I hope some of you here will give solid ideas on how we can get GotoBLAS running from within Mathematica. As the newer compilation and library link capabilities are usually not very well documented, they are not used by the common users very often. This question can act as a toy example to document these new capabilities of Mathematica. Help in this direction by the experienced forum members will really lift the motivation of new users like me as well as it will teach us a very useful thing to extend Mathematica's number crunching arsenal.
The short answer, I think, is that this is not something you really want to do.
GotoBLAS, as I understand it, is a specific implementation of BLAS, which stands for Basic Linear Algebra Subroutines. "Basic" really means quite basic here - multiply a matrix times a vector, for example. Thus, BLAS is not a solver that a function like LinearSolve would call. LinearSolve would (depending on the exact form of the arguments) call a LAPACK command, which is a higher level package built on top of BLAS. Thus, to really link GotoBLAS (or any BLAS) into Mathematica, one would really need to recompile the whole kernel.

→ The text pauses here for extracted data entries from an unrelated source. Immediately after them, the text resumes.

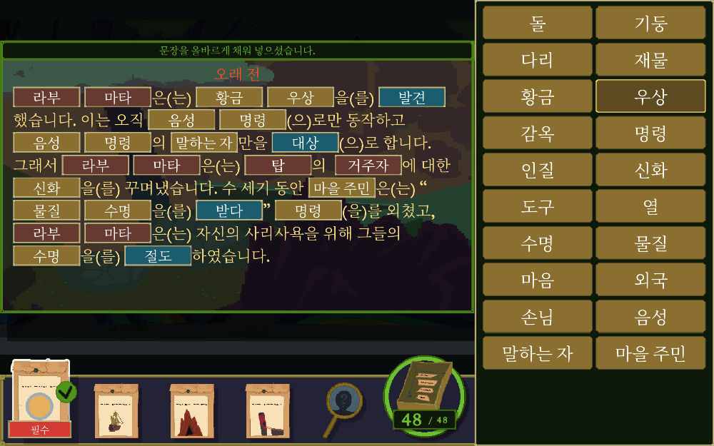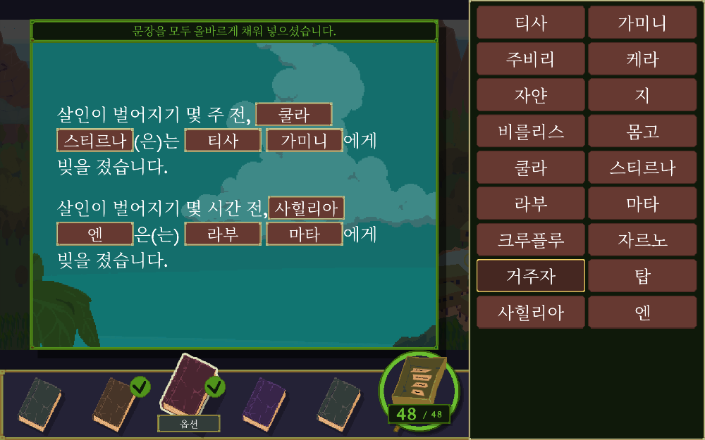 이번엔 첫번째 챕터에서 맞췄던 등장인물 이름을 먼저 주고 시작한다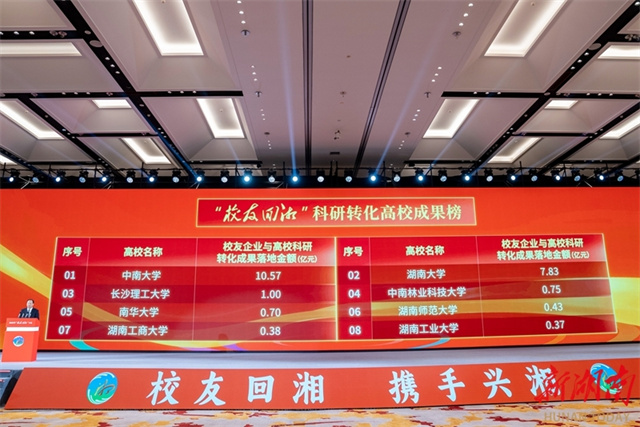 A conference to motivate the alumni of Hunan's universities to return to Hunan was held in Changsha on December 2, 2025. Over a thousand Hunan alumni gathered by the Xiangjiang River to jointly celebrate this grand event and collaborate in charting a grand vision for Hunan's prosperity. The photo shows the ranking of commercialization of scientific and technological achievements jointly made by Hunan's universities and alumni enterprises. (Photo/Tong Zhenxi, Hunan Daily)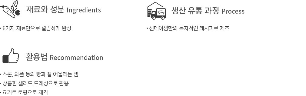 선데이잼은 2012년 회사를 그만둔 후, 강병진 대표가 가꾸던 작은 도심 텃밭에서 시작했어요. 마음과 땀을 쏟아 보살핀 텃밭에서 맺힌 결실들로 잼을 만들었지요. 과일 본연의 풍미를 그대로 살리려는 그의 노력은 선데이잼에 고스란히 녹아 있는데요. 설탕을 거의 사용하지 않고 과일만으로 잼을 만들기 위해, 원재료의 특성과 성분에 대해 기록하고 또 연구했어요. 잼의 형태를 만들기 위해 부족한 성분이 있다면, 다른 과일에서 그 답을 찾았지요. 선데이잼만의 특별한 잼 레시피와 조합은 바로 이렇게 탄생했답니다. 다가오는 일요일에는 영양과 맛의 균형이 제대로 잡힌 선데이잼과 색다른 휴식을 즐겨 보세요. 그동안 맛보지 못했던 새로운 달콤함에 흠뻑 빠지게 될 거예요.

Of course, one could write a C/Fortran program that was compiled against GotoBLAS and then link that into Mathematica. The resulting program would only use GotoBLAS when running whatever specific commands you've linked into Mathematica, however, which rather misses the whole point of BLAS.
The Wolfram Kernel (Mathematica) is already linked to the highly-optimized Intel Math Kernel Library, and is distributed with Mathematica. The MKL is multithreaded and vectorized, so I'm not sure what GotoBLAS would improve upon.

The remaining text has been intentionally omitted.